**Given data**
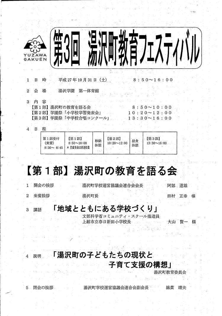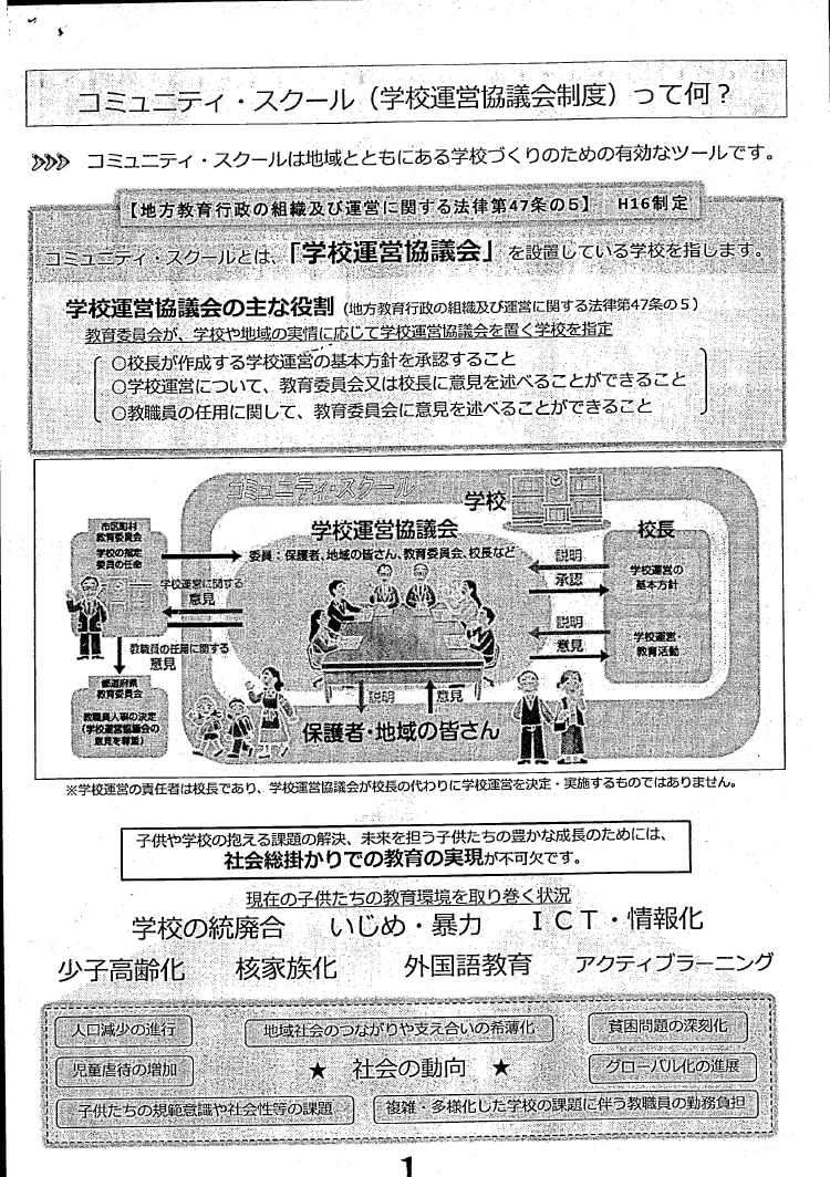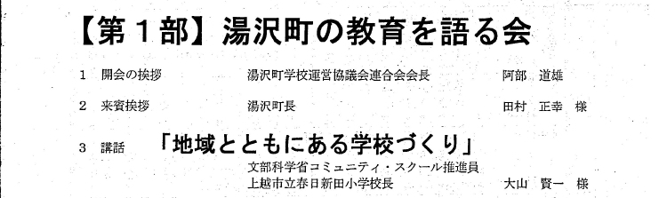コミュニティ・スク-ルにおいてオール湯沢で子どもを育てて行く。
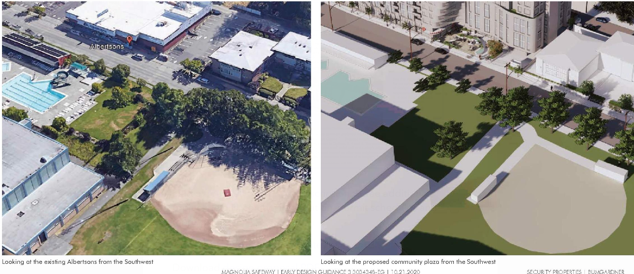 Seattle For Everyone, Share The Cities Action Fund and The Urbanist will be posting specific talking points for this project on our social media. In general, your comment should champion the green bonus of an additional floor. The bonus allows the building to contribute 133 new homes, and at least that many new neighbors, able to live in the exclusive community of Magnolia. Highlight that living above a grocery store means new neighbors will live less car-dependent and more ecofriendly lives. The builder has been very responsive to the community. They’ve prioritized a sunny plaza, as well as addressing shadow concerns with extra setbacks.
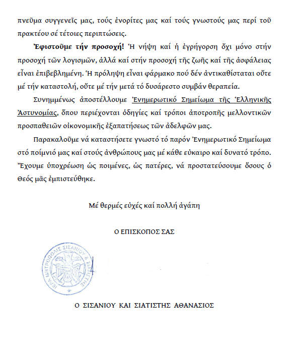 Ἐγκύκλιος τοῦ Σεβασμιωτάτου Μητροπολίτου Σισανίου καί Σιατίστης κ.κ. Ἀθανασίου.
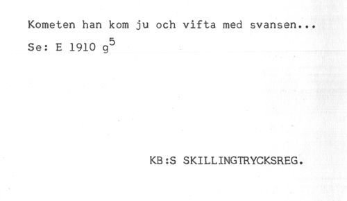 //// Kometen han kom ju och vifta med svansen... //// Se: E 1910 g^ //// KB:S SKILLINGTRYCKSREG. ////
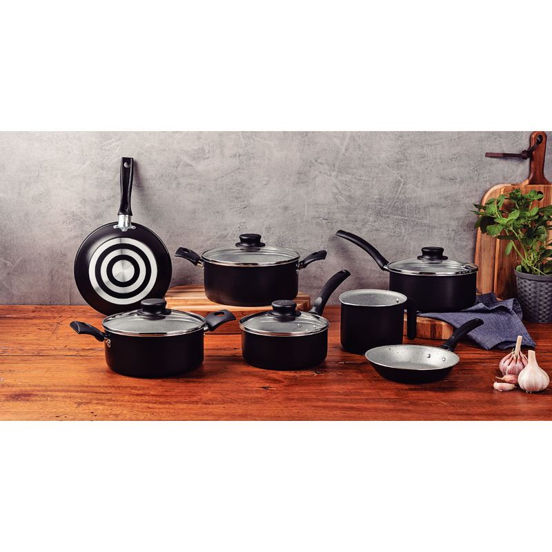 Quem não abre mão de alta qualidade na cozinha e deseja praticidade durante o preparo das suas refeições, precisa contar com o jogo de panelas Tramontina Turim em alumínio com revestimento interno e externo em antiaderente Starflon Max preto 07 peças. Composto por panelas, caçarolas, frigideiras e fervedor, ele é um jogo desenvolvido em alumínio com espessura especial e revestimento em antiaderente Starflon. Devido a essas características, as peças cozinham os alimentos de maneira rápida e uniforme, sem que eles grudem em sua superfície; garantindo também maior resistência, durabilidade e facilidade na limpeza. As panelas e caçarolas vem com tampas de vidro temperado com bordas de aço inox e pegadores de nylon e todos os itens contam com cabos ou alças em baquelite antitérmico, material que não aquece e proporciona um manuseio confortável e seguro. Além de todas essas características, as peças do jogo podem ser levadas à máquina de lavar louças e utilizadas em fogões a gás, elétricos e vitrocerâmicos - resistência elétrica. Escolha Tramontina e transforme seu dia a dia na cozinha!
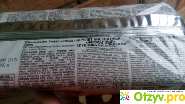 В составе полно Е-шек, разрыхлителей, также есть ароматизатор и стабилизаторы. Состав отпугивает, но очень уж вкусный этот рулет, поэтому несмотря на состав иногда купить можно.

**Your instructions**
From the first line of the entries above through the line with "KB:S SKILLINGTRYCKSREG. ////", set down each line exactly and drop the pictures.

**Solution below**
コミュニティ・スク-ルにおいてオール湯沢で子どもを育てて行く。
 Seattle For Everyone, Share The Cities Action Fund and The Urbanist will be posting specific talking points for this project on our social media. In general, your comment should champion the green bonus of an additional floor. The bonus allows the building to contribute 133 new homes, and at least that many new neighbors, able to live in the exclusive community of Magnolia. Highlight that living above a grocery store means new neighbors will live less car-dependent and more ecofriendly lives. The builder has been very responsive to the community. They’ve prioritized a sunny plaza, as well as addressing shadow concerns with extra setbacks.
 Ἐγκύκλιος τοῦ Σεβασμιωτάτου Μητροπολίτου Σισανίου καί Σιατίστης κ.κ. Ἀθανασίου.
 //// Kometen han kom ju och vifta med svansen... //// Se: E 1910 g^ //// KB:S SKILLINGTRYCKSREG. ////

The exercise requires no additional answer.